Redeploy CPS Cluster Manager through Snapshot

Verify

Introduction

This document describes the steps to recover Cisco Virtual Policy and Charging Rules Function (vPCRF) instances deployed on Ultra-M/Openstack deployment.

Troubleshoot

Power on Cluster Manager from SHUTOFF State

If any instance is in SHUTOFF state due to a planned shutdown or some other reason, please use this procedure to start the instance and enable it's monitoring in Elastic Services Controller (ESC).
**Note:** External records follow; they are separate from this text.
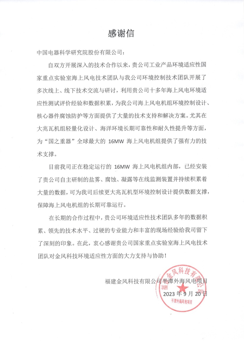 在该项目中,国重室在海上风电机组环境控制设计、核心器件腐蚀防护、大兆瓦机组轻量化设计、海洋环境长期可靠性和耐久性提升等方面,为风电机组成功运行提供了强有力的技术支持。这也是国重室参与开发的大兆瓦风机一体化环控技术的最新成功应用案例。近日,金风科技福建平潭外海16MW海上风电项目部给taptap下载安装在哪工业产品环境适应性全国重点实验室(以下简称“国重室”)特地发来感谢信。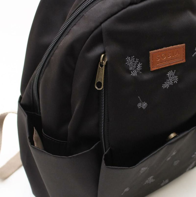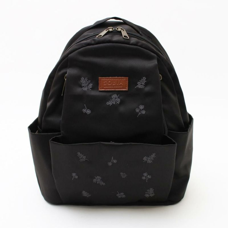 一番人気だった大人な雰囲気のフラワー刺繍がリニューアルし再登場!表生地にはっ水加工を施しているので水溶性の汚れがつきにくくお出かけや行楽のお供にもぴったり。ポケットが11個あり仕分けがしやすく収納力もばっちり。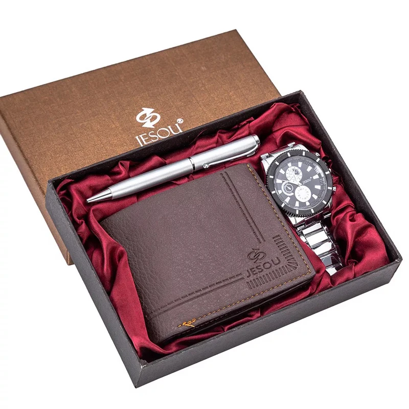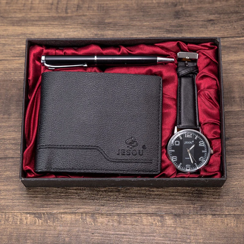 Good Product Men Watches Set Steel/Learther Quartz Wrist Watch Folding Wallet Ballpoint pen Gift Set for Boyfrie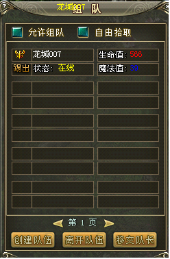 隊(duì)伍的成員包括隊(duì)長(zhǎng),最多不超過(guò)10位。隊(duì)長(zhǎng)有是否允許自由拾取的權(quán)利。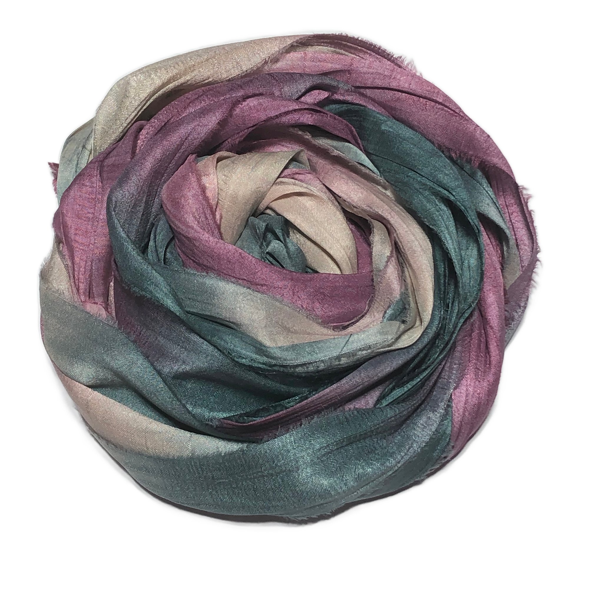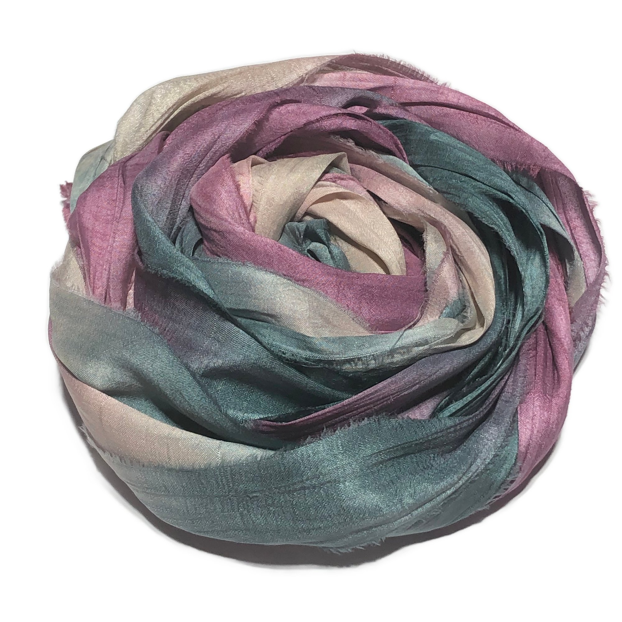 HAND DYED SARI SILK BUNDLES, ARE MADE OF 100% PURE SILK. THIS RECYCLED SILK RIBBON HAS BEEN HAND DYED TO THE BEAUTIFUL SOLIDS OR VARIATED COLOR YOU SEE IN EACH OF OUR UNIQUE BUNDLES.

Step 1. Check the state of instance via OpenStack.

source /home/stack/destackovsrc-Pcrf
nova list --fields name,host,status | grep cm_0
| c5e4ebd4-803d-45c1-bd96-fd6e459b7ed6 | SVS1-tmo_cm_0_e3ac7841-7f21-45c8-9f86-3524541d6634 | destackovs-compute-2  | SHUTOFF|

Step 2. Check if the compute is available and ensure that the state is up.
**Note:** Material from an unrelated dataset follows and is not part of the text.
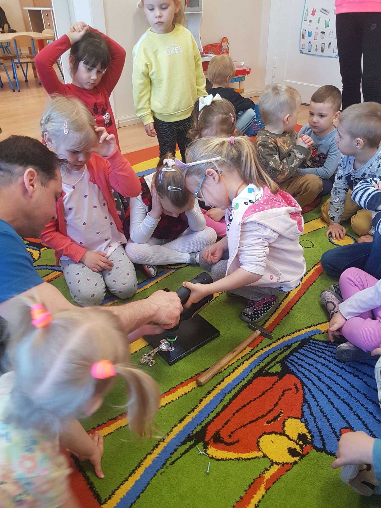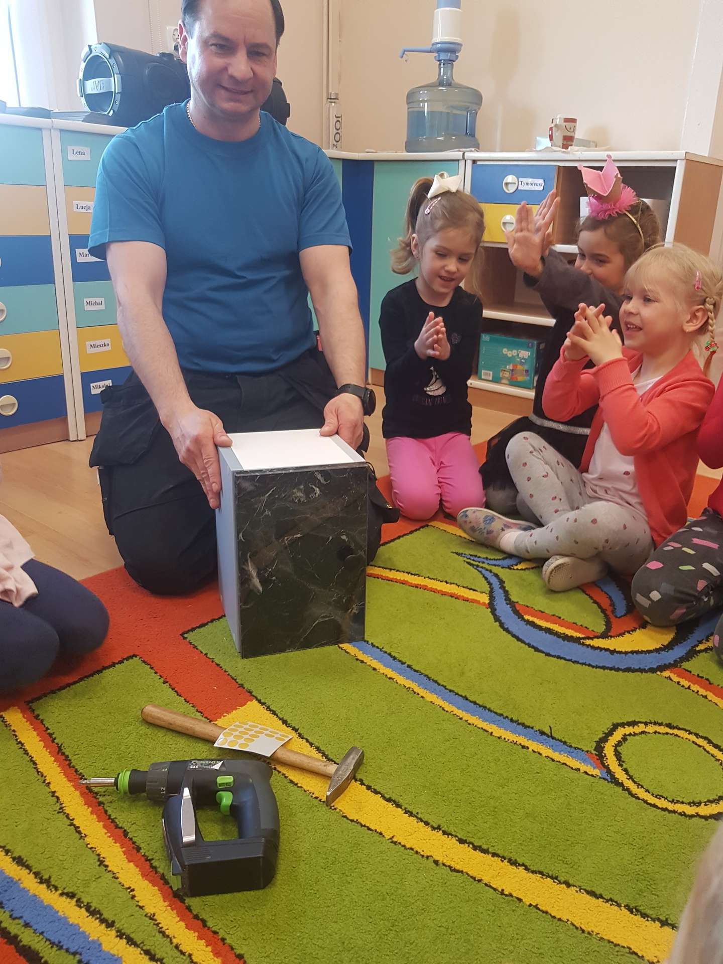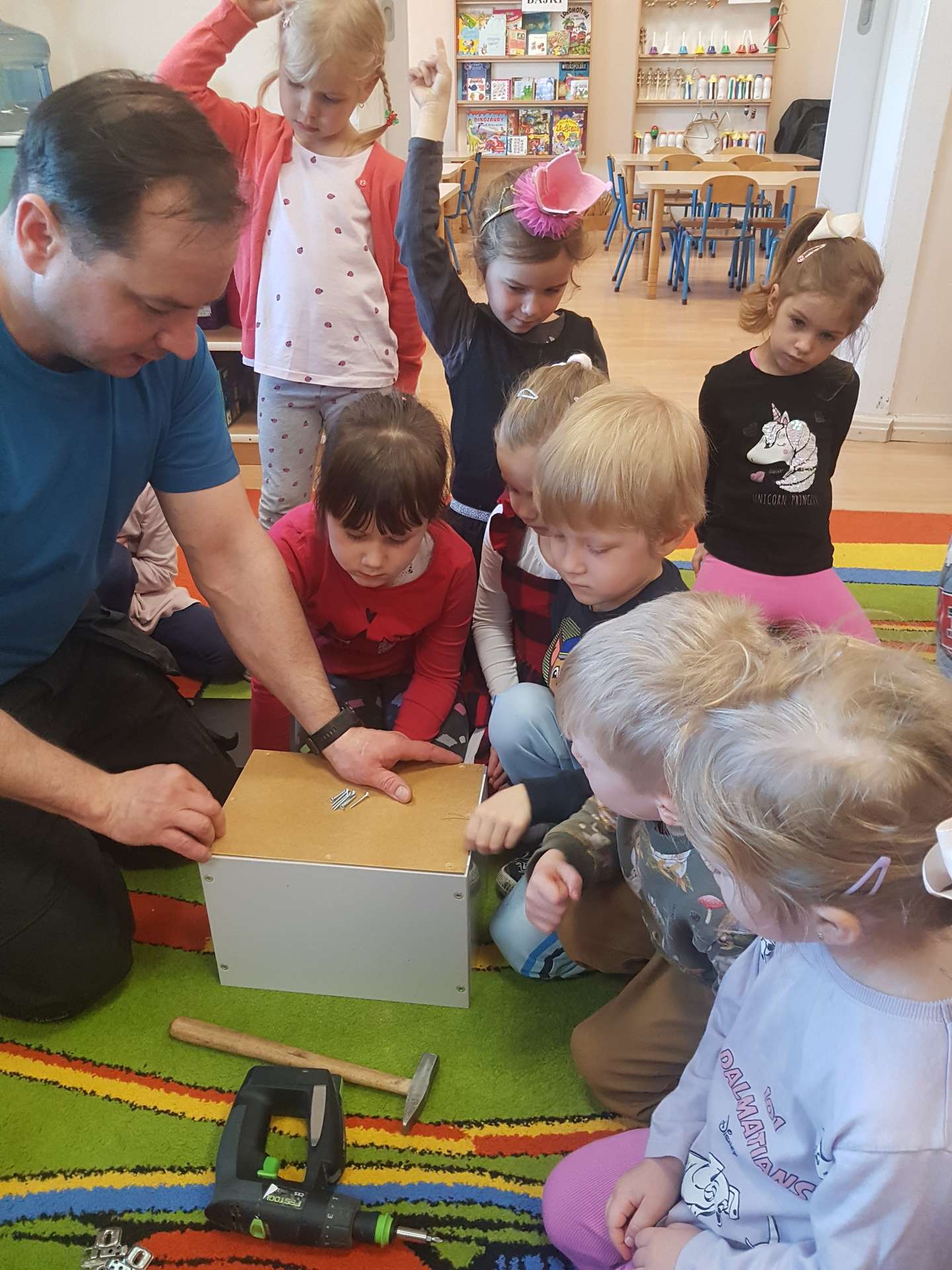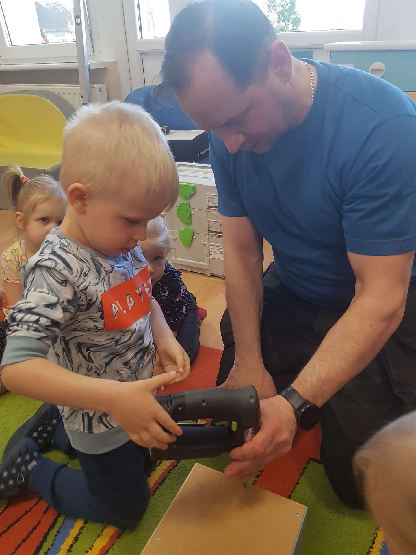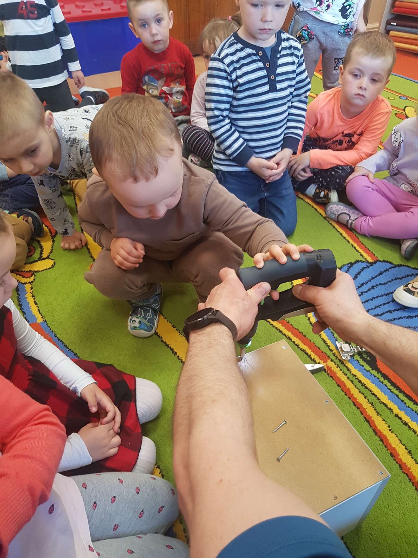 I kolejny gość w naszym przedszkolu w ramach cyklu zajęć "Poznajemy zawody". Tym razem dzieci najmłodsze poznały pracę stolarza. Pan Andrzej Lewandowski bardzo ciekawie opowiedział dzieciom, jak wygląda praca stolarza. Przedstawił narzędzia stolarskie, materiał, z jakiego wykonuje się meble, opowiedział o procesie powstawania różnych elementów stolarskich. Pokazał dzieciom także wzorniki kolorów płyt i drewna Zwrócił także uwagę na to, że stolarz musi być bardzo precyzyjny. Dużą frajdą dla dzieci było wspólne zbudowanie szafki na klocki. Przybijanie gwoździ i wkręcanie śrubek to nie tylko radość dla chłopców. Dziewczynki również chętnie wykonywały te czynności.

source /home/stack/destackovsrc
nova hypervisor-show destackovs-compute-2 | egrep ‘status|state’
| state                     | up                                       |
| status                    | enabled                                  |

Step 3. Login to ESC Master as admin user and check the state of instance in opdata.

/opt/cisco/esc/esc-confd/esc-cli/esc_nc_cli get esc_datamodel/opdata | grep cm_0
SVS1-tmo_cm_0_e3ac7841-7f21-45c8-9f86-3524541d6634 VM_ERROR_STATE

Step 4. Power on the instance from openstack.

source /home/stack/destackovsrc-Pcrf
nova start SVS1-tmo_cm_0_e3ac7841-7f21-45c8-9f86-3524541d6634

Step 5. Wait five minutes for the instance to boot up and come to active state.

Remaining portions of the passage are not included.